Exercise goal
From the line containing "Galima užsakyti trijų" to the line containing "小伙伴们花费98元解锁精品路" in the entries below, reproduce every line exactly, ends included. Nothing else belongs in the copy, and no pictures.
======== Data under study ========
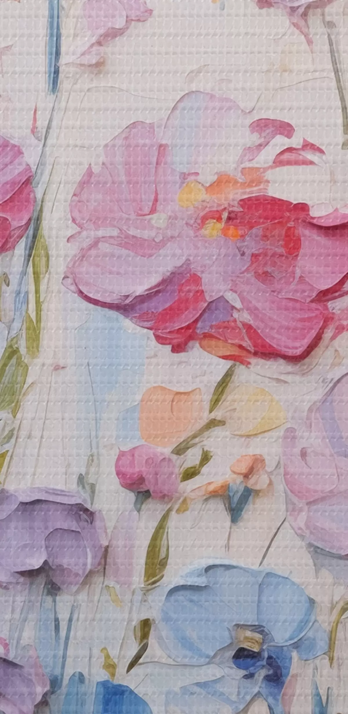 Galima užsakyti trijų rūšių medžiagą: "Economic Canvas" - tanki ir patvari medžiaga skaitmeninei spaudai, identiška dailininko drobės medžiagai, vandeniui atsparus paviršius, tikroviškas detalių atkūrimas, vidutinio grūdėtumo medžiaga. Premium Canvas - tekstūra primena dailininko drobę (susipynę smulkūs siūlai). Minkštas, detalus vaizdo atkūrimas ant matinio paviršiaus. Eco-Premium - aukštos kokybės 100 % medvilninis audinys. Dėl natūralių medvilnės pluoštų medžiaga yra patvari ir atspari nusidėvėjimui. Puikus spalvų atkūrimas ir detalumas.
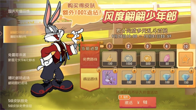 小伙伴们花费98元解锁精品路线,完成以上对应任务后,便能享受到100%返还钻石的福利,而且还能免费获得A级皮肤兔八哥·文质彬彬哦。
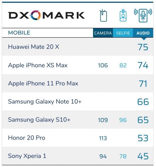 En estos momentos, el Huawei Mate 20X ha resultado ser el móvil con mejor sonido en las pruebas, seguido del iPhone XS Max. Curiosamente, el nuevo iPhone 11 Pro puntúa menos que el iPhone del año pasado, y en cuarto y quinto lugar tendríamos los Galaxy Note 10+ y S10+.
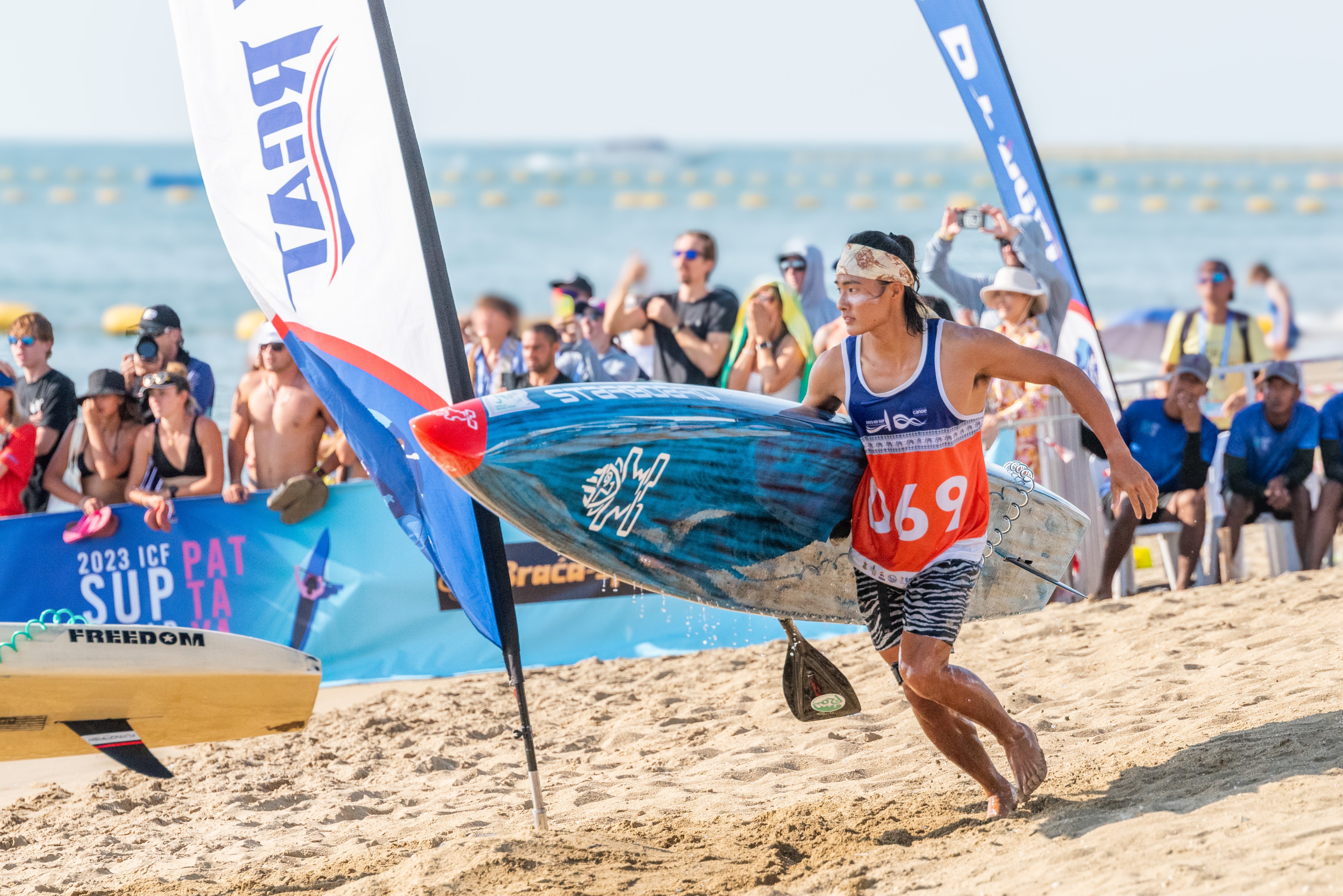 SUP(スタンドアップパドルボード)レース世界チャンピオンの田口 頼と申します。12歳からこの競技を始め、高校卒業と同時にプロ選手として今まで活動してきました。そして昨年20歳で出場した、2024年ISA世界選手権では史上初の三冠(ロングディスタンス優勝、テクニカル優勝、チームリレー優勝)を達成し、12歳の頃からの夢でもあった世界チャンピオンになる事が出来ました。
========
======== Data under study ========
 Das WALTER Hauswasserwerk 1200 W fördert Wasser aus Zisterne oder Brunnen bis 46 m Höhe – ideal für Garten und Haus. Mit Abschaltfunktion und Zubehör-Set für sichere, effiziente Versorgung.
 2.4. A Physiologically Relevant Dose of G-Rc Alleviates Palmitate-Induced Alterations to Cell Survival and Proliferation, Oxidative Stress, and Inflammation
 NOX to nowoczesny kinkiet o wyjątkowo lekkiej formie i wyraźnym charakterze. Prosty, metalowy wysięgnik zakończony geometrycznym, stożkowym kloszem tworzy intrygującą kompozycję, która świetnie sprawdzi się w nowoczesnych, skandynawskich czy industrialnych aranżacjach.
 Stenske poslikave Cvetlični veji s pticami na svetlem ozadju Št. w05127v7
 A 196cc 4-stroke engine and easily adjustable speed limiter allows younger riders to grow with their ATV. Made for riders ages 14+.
========
Result of the task
 Galima užsakyti trijų rūšių medžiagą: "Economic Canvas" - tanki ir patvari medžiaga skaitmeninei spaudai, identiška dailininko drobės medžiagai, vandeniui atsparus paviršius, tikroviškas detalių atkūrimas, vidutinio grūdėtumo medžiaga. Premium Canvas - tekstūra primena dailininko drobę (susipynę smulkūs siūlai). Minkštas, detalus vaizdo atkūrimas ant matinio paviršiaus. Eco-Premium - aukštos kokybės 100 % medvilninis audinys. Dėl natūralių medvilnės pluoštų medžiaga yra patvari ir atspari nusidėvėjimui. Puikus spalvų atkūrimas ir detalumas.
 小伙伴们花费98元解锁精品路线,完成以上对应任务后,便能享受到100%返还钻石的福利,而且还能免费获得A级皮肤兔八哥·文质彬彬哦。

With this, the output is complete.